A smarter way to find articles.
MIT License
9 stars 1 forks source link

Fix results length to match `max_papers` #15

Closed PipzCorreiaz closed 2 years ago

PipzCorreiaz commented 2 years ago

We were assuming the results from the collect_by_terms were unique, which is not true if the collector finds repeated papers.

Instead of considering the length of the response data, we are now using the length of unique papers actually added to the resulting papers. This guarantees the number of results will always match the max_papers parameter.

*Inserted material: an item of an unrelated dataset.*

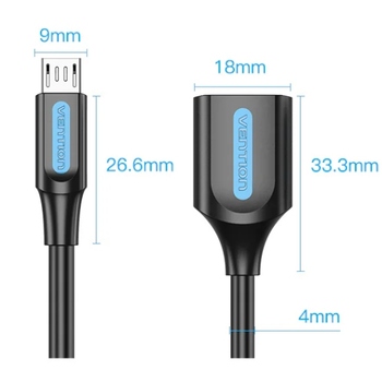 Перехідник USB 2.0 Micro BM до USB AF (OTG) довжиною 0.15 метра від бренду Vention - це ідеальний аксесуар для підключення вашого мобільного пристрою до зовнішніх пристроїв. Виготовлений з високоякісного чорного PVC матеріалу, цей перехідник є надійним, міцним і довговічним.<br><br>Завдяки стандарту USB 2.0 Micro BM та USB AF (OTG), ви зможете легко і швидко підключити смартфон або планшет до зовнішнього накопичувача, клавіатури, миші або будь-яких інших пристроїв з підтримкою USB. Цей перехідник дозволяє проводити обмін даними і забезпечує стабільне підключення пристроїв.<br><br>Зручний у використанні і компактний у розмірах, перехідник USB 2.0 Micro BM до USB AF (OTG) від Vention є ідеальним рішенням для тих, хто цінує якість і ефективність в кожному аксесуарі.

ratuspro commented 2 years ago

Just to clarify, the requested changes apply to the provider, not the collector. The returned list of papers from get_paper_by_terms does not have duplicates.

Also, the assumption that the response from /paper/search?query=... from the Semantic Scholar's API does not return repeated papers is valid.

I tested the API and never came across a situation it returned duplicates of the same paper. @PipzCorreiaz @RicardoEPRodrigues are you sure this actually happens?

ratuspro commented 2 years ago

Indeed the Semantic Scholar's API return duplicate results on /paper/search?query=.

During the process I also realized that there is another constraint to the search process that need to be taken into account (reported on #16). Should be handled in a different PR.